To answer this, I’d like to refer to the Stanford-released CheXpert dataset, a collection of 500,000~ chest x-ray’s with diagnostic annotations released back in 2019. It was the largest medical image dataset released at the time, but the clinical utility of any model built off it was questionable! There were a lot of issues with the dataset, one of the more interesting ones being that the human-performance accuracy rate was artificially low, since the X-ray had been sufficiently down-sampled enough from its original resolution such that some conditions became nearly impossible to detect. But the problem much more relevant to the toxicity discussion was the so-called hidden stratification problem; chest x-rays with a certain diagnosis label could be further subdivided into subtly different conditions with significantly different clinical outcomes.

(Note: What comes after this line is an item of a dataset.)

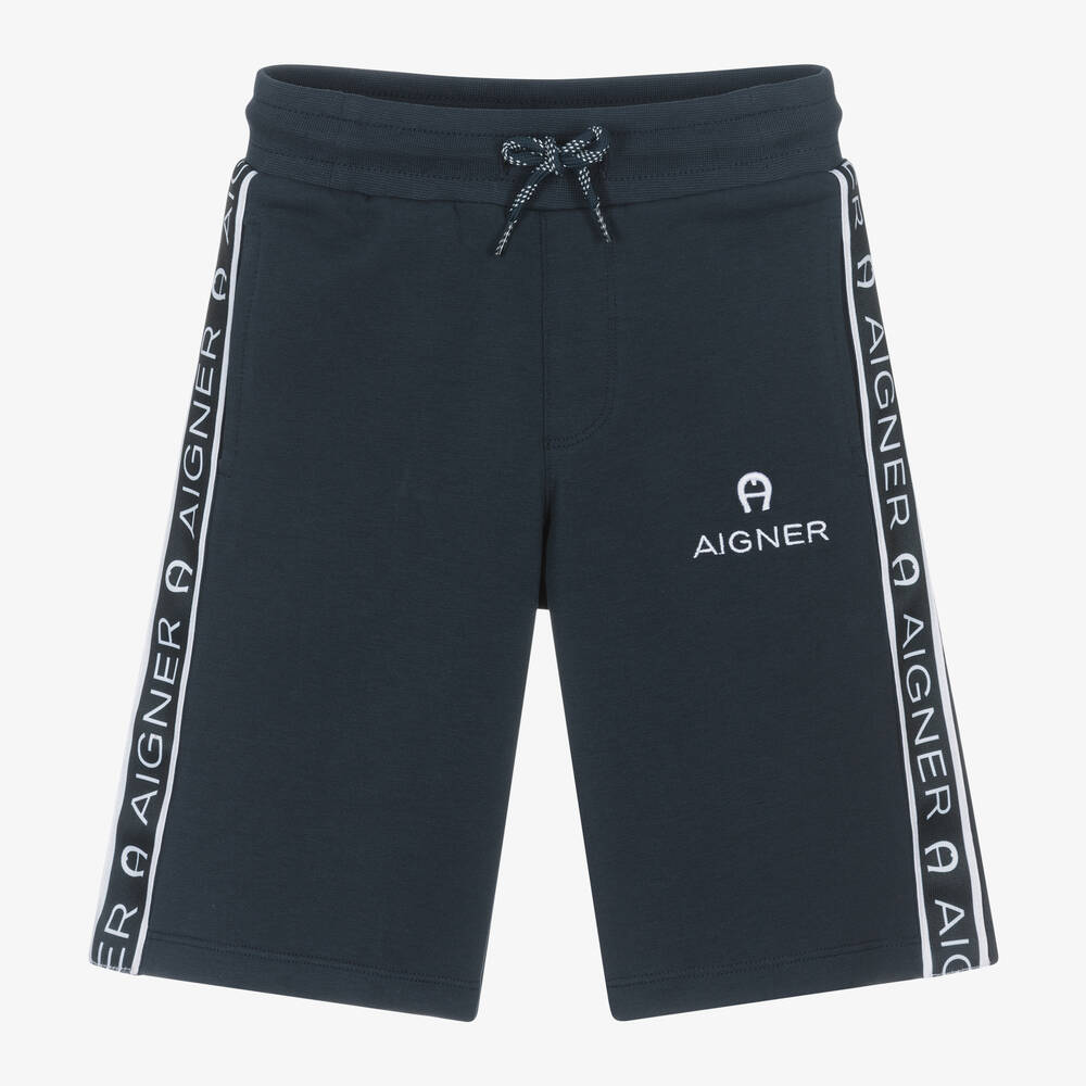 Синие хлопковые шорты для мальчиков от AIGNER с фирменными лентами. Эти повседневные шорты из мягкого трикотажа имеют белую вышивку логотипа спереди с фирменной подковой 'A'. Удобные карманы скрыты в боковых швах, а пояс на шнурке обеспечивает комфортную посадку.

The last part is important, because otherwise the existence of a subclass underneath the labeled class isn’t actually useful for a model to be aware of. This exact situation may have a parallel in the toxicology dataset world; there is a whole world of hidden classes underneath the basic toxicity labels attached to each chemical and lacking it may lead you to the meaningfully wrong direction! Some forms of toxicity, despite being in the same ‘class’ of toxic, may have significantly different underlying phenotypes! For example, a drug that causes ocular toxicity via immune system overreaction is far easier to deal with than a drug that is just straight-up toxic to ocular cells — one requires simply immune suppressors to use it, the other requires rethinking the drug entirely.

One could imagine a world in which we have access to so much toxicity data that this problem ceases to matter — the model will figure it out. But, as it stands, ClinTox is composed of only 1478 molecules, Tox21 + ToxCast with 15,000~ molecule, and TOXRIC with 100k+ molecules (in total, many of which lack all labels) — a sizable number, but a far cry from NLP-level token sizes. Perhaps pushing dataset sizes up even more alleviates this problem, but it feels more likely that alternate directions should be explored.

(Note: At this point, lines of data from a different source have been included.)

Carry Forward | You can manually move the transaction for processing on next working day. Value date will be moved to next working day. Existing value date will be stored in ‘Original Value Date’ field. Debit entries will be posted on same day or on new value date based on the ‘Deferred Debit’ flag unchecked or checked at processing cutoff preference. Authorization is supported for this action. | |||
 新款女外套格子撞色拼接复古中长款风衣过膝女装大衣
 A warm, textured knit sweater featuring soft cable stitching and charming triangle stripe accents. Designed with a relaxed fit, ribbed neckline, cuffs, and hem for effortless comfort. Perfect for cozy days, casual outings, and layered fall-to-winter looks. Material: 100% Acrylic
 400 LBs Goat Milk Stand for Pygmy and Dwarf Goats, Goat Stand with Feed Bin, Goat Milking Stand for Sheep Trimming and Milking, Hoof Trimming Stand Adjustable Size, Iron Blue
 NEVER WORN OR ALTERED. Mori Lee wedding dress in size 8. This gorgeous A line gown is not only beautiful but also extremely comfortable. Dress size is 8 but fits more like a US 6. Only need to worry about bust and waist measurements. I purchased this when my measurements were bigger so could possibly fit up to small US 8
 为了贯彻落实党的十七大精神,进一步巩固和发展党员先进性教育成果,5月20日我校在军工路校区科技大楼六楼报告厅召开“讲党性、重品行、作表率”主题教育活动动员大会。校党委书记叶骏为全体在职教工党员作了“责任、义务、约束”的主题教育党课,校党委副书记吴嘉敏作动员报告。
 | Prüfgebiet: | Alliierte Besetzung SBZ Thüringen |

How could we fix this? Instead of relying on our own fuzzy definitions of toxicity, we could perhaps instead defer it to a model capable of understanding phenotypes of toxicity more nuanced than ours could ever be. Microscopy foundation models, like Phenom-Beta by Recursion Pharmaceuticals, feels like a step in the right direction — perhaps the next generation of toxicology datasets are images of cell lines, or histology slides from a patient, subjected to a certain chemical, and such foundation models are used to understand them. After all, we do see morphological cell changes after application of toxic drugs! Maybe there’s even a time element, a new image 2, 8, 24, and so on hours after the application of the drug. Of course, the bull case here is that Recursion hasn’t billed their platforms utility for toxicity prediction, so perhaps this isn’t the right direction…

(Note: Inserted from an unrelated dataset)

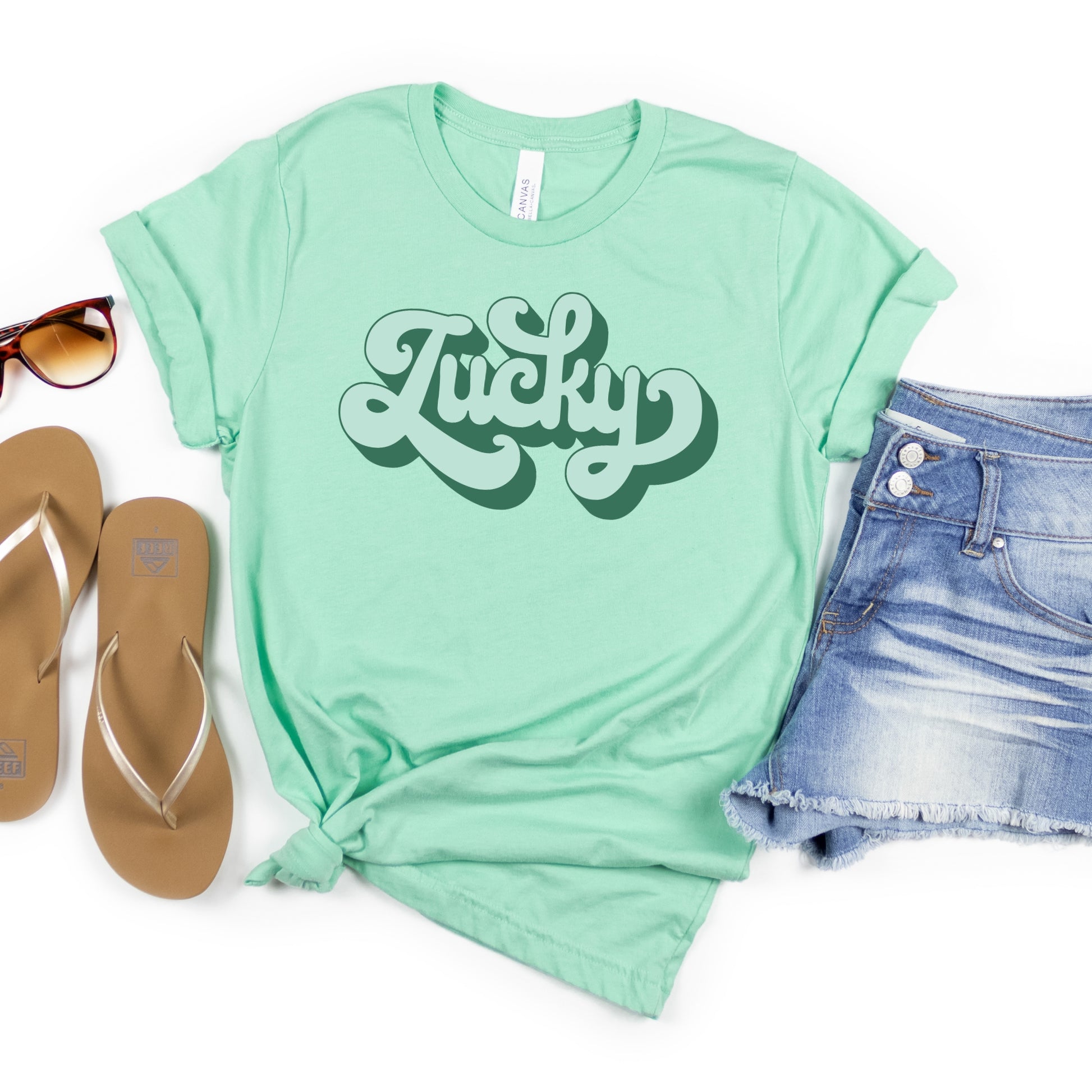 Get lucky this Saint Patrick's Day with our Lucky Tshirt! Available in classic green or a soft mint color, this shirt will make sure you stand out in the crowd. Perfect for celebrating with friends and family. Don't wait, get your lucky shirt now!

Methodological problems in toxicity datasets

Outside of the current set of toxicity datasets not being entirely connected to the problem of clinical toxicity, the datasets themselves have quality issues! This is a bit of a cop-out, but I’d honestly recommend reading Pat Walter’s post about this, it goes into much more detail than I ever could. But here’s the general TLDR for the problems with the datasets that many predictive toxicology papers rely on:

  • Invalid chemical structures that can’t be parsed by common cheminformatics tools

  • Inconsistent stereochemistry and chemical representations

  • Combining data from different sources without standardization

  • Poorly defined training/​test splits

  • Data curation errors like duplicate structures with conflicting labels

  • Assays with high rates of artifactual activities

+ some other points also addressed in this post! Again, excellent read, highly recommend.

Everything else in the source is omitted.